Shortly after the Task Force released its report, I joined the Science and Society team at the White House Office of Science and Technology Policy (OSTP) to serve as the Assistant Director for Open Science and Data Policy to serve under Alondra Nelson (another sociologist working in a practice setting). In this capacity, I am not only working to continue the important next steps toward protecting scientific integrity in federal science, I am also advancing priorities to make federal research and data more equitably open and accessible to all Americans. For a sociologist who loves science, the practice setting at OSTP is perhaps the ultimate opportunity for practicing sociology with broad societal impact.

 

For the Social Good

Finally, our discipline needs to advocate strongly for advancing sociology in practice settings and for elevating the status of sociologists who find themselves on nonacademic career paths. Practice settings offer so much more diversity in career options than the traditional academic path, and the need for sociological thinking in these settings is critical for the social good. Sociologists are needed in career government roles to protect against the social harms that periodic antiscience administrations cause.

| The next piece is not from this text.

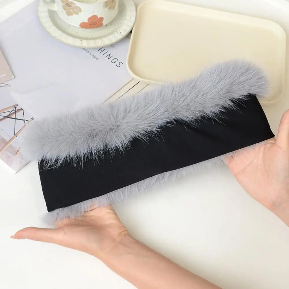 Solid Color Plush Headband Elastic Faux Fur Headband Set Black Mongolian Top Hat Circle Women’s Fur Headband Hair Accessory

The federal government, in particular, has myriad opportunities for sociologists—from post-baccalaureate summer internships that provide a taste of field experience in federal science, administration, regulation, and policy to postdoctoral research and policy fellowships, to career service occupations in research and program development, to political appointments in the highest policy offices. Practice settings contribute to the continued longevity and prominence of sociology as a discipline, and they should be weighed equally with academic jobs in any sociologist’s career calculus. Recent history shows that it is not hyperbolic to say that the welfare of society depends on sociologists working in practice settings.


Any opinions expressed in the articles in this publication are those of the author and not the American Sociological Association. Marcum is writing in his personal capacity and not as a representative of the United States Federal Government, the National Institutes of Health, or the Biden-Harris Administration. His opinions are his own.